“To define saving faith apart from feelings… is futile.” -John Piper
John Piper is a total trip and he and I are seldom in agreement, but I think he really gets a few things right. That quote is from a tiny clip of his speech at the T4G conference. I can’t link to it, but it’s a common theme with him, as you can see from some of his prior articles and blog posts such as,“The Problem with American ‘Christianity’,” in which he says, “In the last 200 years, Christianity in America has been distorted — or, to use a more serious word, ravaged — Christianity in America has been ravaged by the dominant teaching that decisions for God are more basic in defining a Christian than delight in God.”

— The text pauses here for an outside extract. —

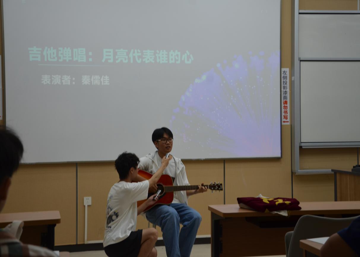 活动于上午9点50分正式拉开帷幕。全体成员首先在图书馆门口合影留念,定格下珍贵的瞬间。随后,大家前往综合楼C103一同参加社庆活动。本次社庆活动设计了一系列有趣的游戏与精彩的节目。首先,社庆以一段回顾科技园年度历程的开场视频拉开序幕,迅速点燃全场。随后,策划小组为学长学姐们送上聘书,全体成员倾听学长学姐们发言,充满温度的发言深深地感染着在场的每一位同学,指引着大家怀揣憧憬地向阳前行。紧接着,吉他弹唱《反方向的钟》以悠扬的旋律为活动奠定了温暖的基调,而“海龟汤”推理游戏则迅速调动了大家的参与热情,30分钟的脑力激荡中,同学们争相竞猜,笑声不断。穿插其间的三次抽奖环节更是惊喜连连,奖品通过奖券形式发放,极大提升了同学们的参与积极性。此外,吉他指弹《like a star》和弹唱《再见杰克》《月亮代表谁的心》《无限速》等节目轮番上演,音乐与掌声交织,展现了科技园成员的多才多艺。
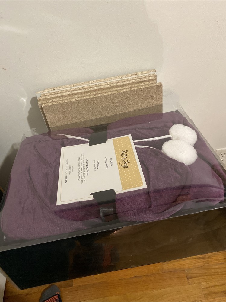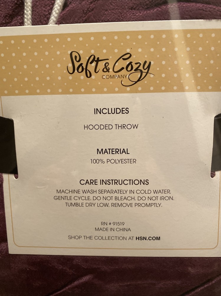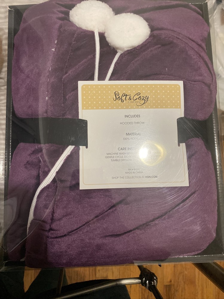 Soft N Cozy Throw PURPLE Color In Package HSN. Condition is "New with tags". Shipped with USPS Priority New In Package From HSN Home Shopping Network, Soft N Cozy Throw Blanket is P URPLE HSN-50-4370 Polyester. Comes exactly as shown. It is a BODY THROW with HOOD and POM POM **SEC16**

Lord, all in good humor here, but you better check me for a fever or a head injury, because I seem to be in complete agreement with John Piper….
So what triggered this post was a whole lot of objections to that statement of Piper’s, “To define saving faith apart from feelings… is futile.” He goes on to explain that he is using “feelings” in the context of “affections.” He tries removing some of the feeling adjectives from the Bible, to try and demonstrate what faith without affections might look like. It is indeed, futile. You simply cannot have an emotionally detached, intellectual faith devoid of feelings.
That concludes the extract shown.